On February 23, 1996, I had this to write on the subject:
"Look, I wrote another story fragment. I wrote it for me. "Nobody but a blockhead"(1) but I wrote it for me, to amuse me; not because I thought it would be good or worthy of publication, but because I thought it would make me smile. And it did. And it does."
But, y'know, the possibility of an audience has never been far from my mind, as the final part of the above paragraph shows:
"I wonder if it will make anyone else smile?"
Still. Some days I think it's good for me to remember that at least one person in the world enjoys my writing.
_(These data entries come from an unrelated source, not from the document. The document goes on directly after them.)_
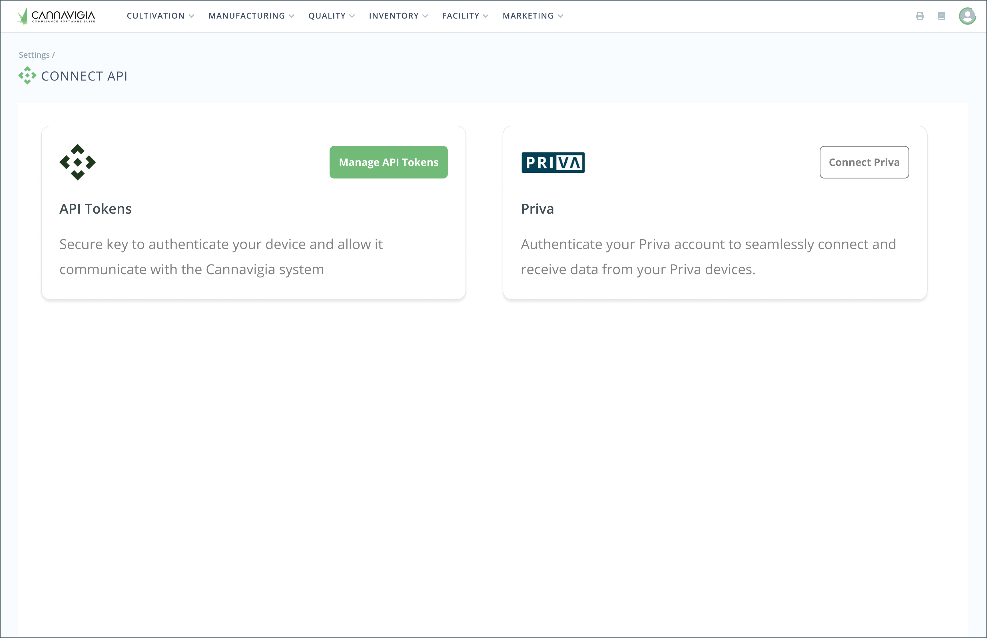 Connect Priva account to Cannavigia system
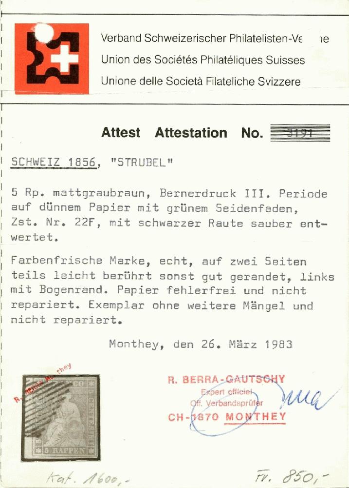 | Prüfer: | Berra-Gautschy, R. (SBPV / ASEP (Schweizerischer Briefmarken-Prüfer-Verband)) |
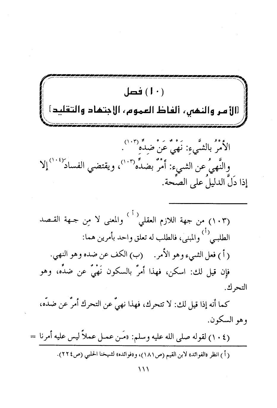 فصل: الأمر والنهي، ألفاظ العموم، الاجتهاد والتقليد
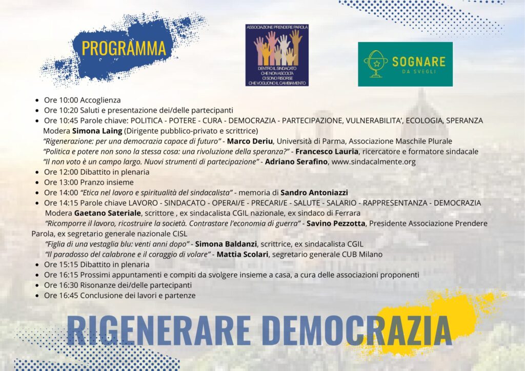 Un invito a tutti/e per informarsi, per partecipare al seminario del 31 gennaio a Firenze (presso Fiesole) per “Rigenerare democrazia”. Un incontro fra storie e traiettorie politiche e personali diverse, per una ripartenza possibile per chiunque sia interessato a condividere questo percorso. Una riflessione sul senso del pluralismo dei e nei corpi intermedi come principio di vitalità democratica. Quella vitalità che manca all’azione sindacale perché è venuta scemando nella vita interna delle organizzazioni dove il senso critico anziché essere valorizzato e incentivato è temuto come una minaccia alla coesione dell’organizzazione.

Heh.
It still does make me smile.
(1) Reference to a quote by Samuel Johnson: "No man but a blockhead ever wrote but for money." No, I didn't footnote this in the original. ;)
no subject
Date: 2003-02-16 03:06 pm (UTC)... or if it's just for me, or me and Beetiger, or whatever.
no subject
Date: 2003-02-17 10:08 am (UTC)The other reason I forget is that I often need some distance before I can judge what I've written. It's rare that I'm really enjoying a scene while I'm writing it. A couple of people have been reading the bits and pieces of my novel as I write them, but often I'll send snippets weeks after I've written them, just because it takes me that long to go back and check them for grammar errors and the like. I just don't want to look at it again right away.
no subject
Date: 2003-02-17 06:57 am (UTC)I keep my old stuff around, once I read a story and only halfway through realized I'd written it. Late nights will do that to you...
no subject
Date: 2003-02-17 10:03 am (UTC)NOW I remember...
cent #1: If I remembered everything I wrote, I'd just write everything down and be Super Memory Guy. Seriously though, there are times when I read something that I wrote, say, five or more years ago (which is just about everything, at this point), and I can hardly remember writing it, or what I was thinking when I did.
cent #2: I used to always write just for myself; before the internet, I had an extremely limited audience (say, one or two people, and that was on a good day). A lot of the time it wasn't so much, "What would other people like to read?" as it was "What do I want to read?" Sometimes it was just easier for me to make up something that would amuse me than it was to find something new that someone else had written. Nowadays I tend to write just for an audience, real or imagined.
Okay, I'm done.
Re: NOW I remember...
Date: 2003-02-17 05:10 pm (UTC)#2: I find myself the same way. I'm thinking of doing more writing that's really just for me, though.